A Angers, le questionnaire était le même qu'au Mans. La collecte des informations s'est également faite en porte à porte; chaque entretien a duré un peu moins d'une heure en général. Après passation des enquêtes, les questionnaires ont été traités sous le logiciel informatique de traitement d'enquête du nom de Sphinx115, beaucoup plus convivial et accessible que le gros système SAS. Comme au Mans, on a souhaité une grande souplesse dans le déroulement d'ensemble. On doit souligner la très grande qualité des entretiens et des réponses apportées par les personnes interrogées, qui se sont pliées de très bon gré aux impératifs de l'enquête: 149 ont été collectées à Belle Beille soit 22,4% de l'ensemble des enquêtes, 157 à Monplaisir soit 23,6%, 228 à La Roseraie soit 34,2%, 56 dans le quartier des

Plaines à Trélazé soit 8,4% et 76 à Verneau soit 11,4% des questionnaires recueillis.

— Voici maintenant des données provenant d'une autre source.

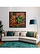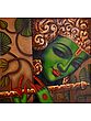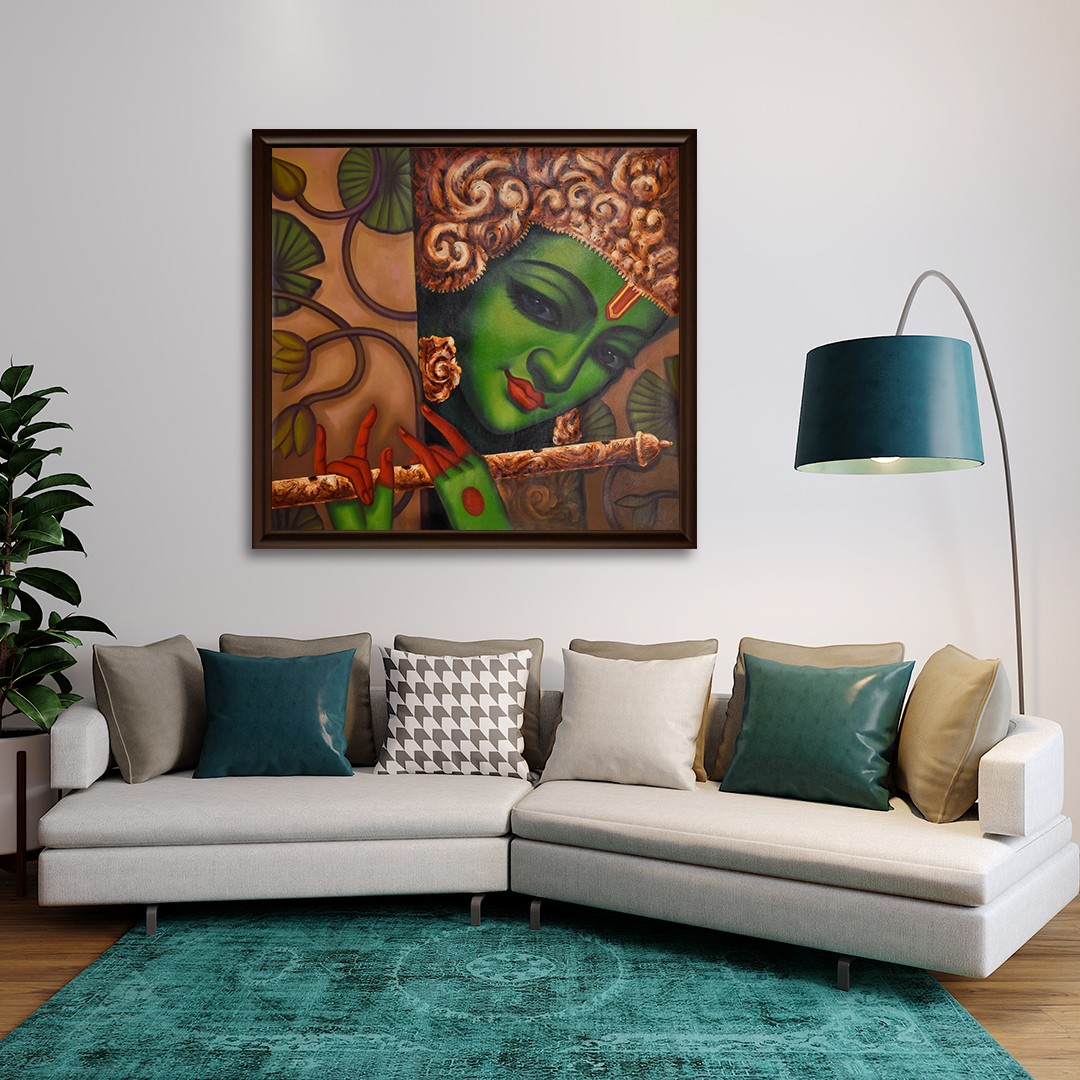 An aesthetic aide memoire to Sri Krishna’s magical flute, this oil painting on a square canvas unites Krishna with the lush green creepers of Vrindavan that are enlivened by his tunes. It seems as if the leaves and the branches have become his ornaments, flute, and even his skin. The tints of red against Krishna’s green-hued skin create a charming image, of Prakriti’s (female element, also Nature and Shakti) unity with Purusha (supreme male aspect).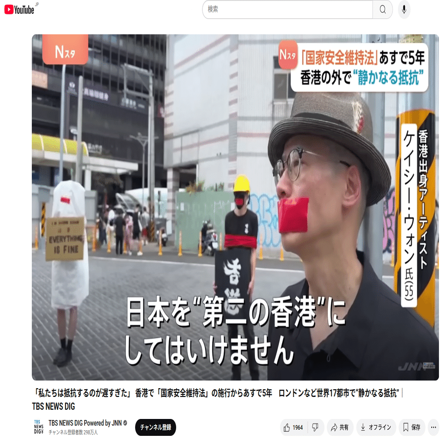 中国は軍事力を行使せずに香港から民主主義を取り上げています。無警戒なままでいるならば、日本も同じ道を辿るでしょう。

VOLUME DES ENQUETES REALISEES A ANGERS: Nombre d'enquêtes en % Belle-B 149 22,4% Monplaisir 157 23,6 La Roseraie 228 34,2 Trélazé 56 8,4 Verneau 76 11,4 Total Angers: 666 100

Notre objectif est maintenant de confronter les enseignements tirés de nos enquêtes et ceux que fournit l'analyse des données des OHLM quant aux profils sociaux dans les grands ensembles. En effet, on a souhaité compléter le propos par une analyse statistique exhaustive de la composition sociale des grands ensembles. Les OHLM grâce à des enquêtes régulières (notamment surloyer) possèdent une connaissance exacte de l'ensemble des populations qu'ils

logent. L'observation des données et la classification des quartiers qui en découle permettent donc de confronter les types issus de notre enquête à ceux des données des HLM, concernant les variables quantitatives.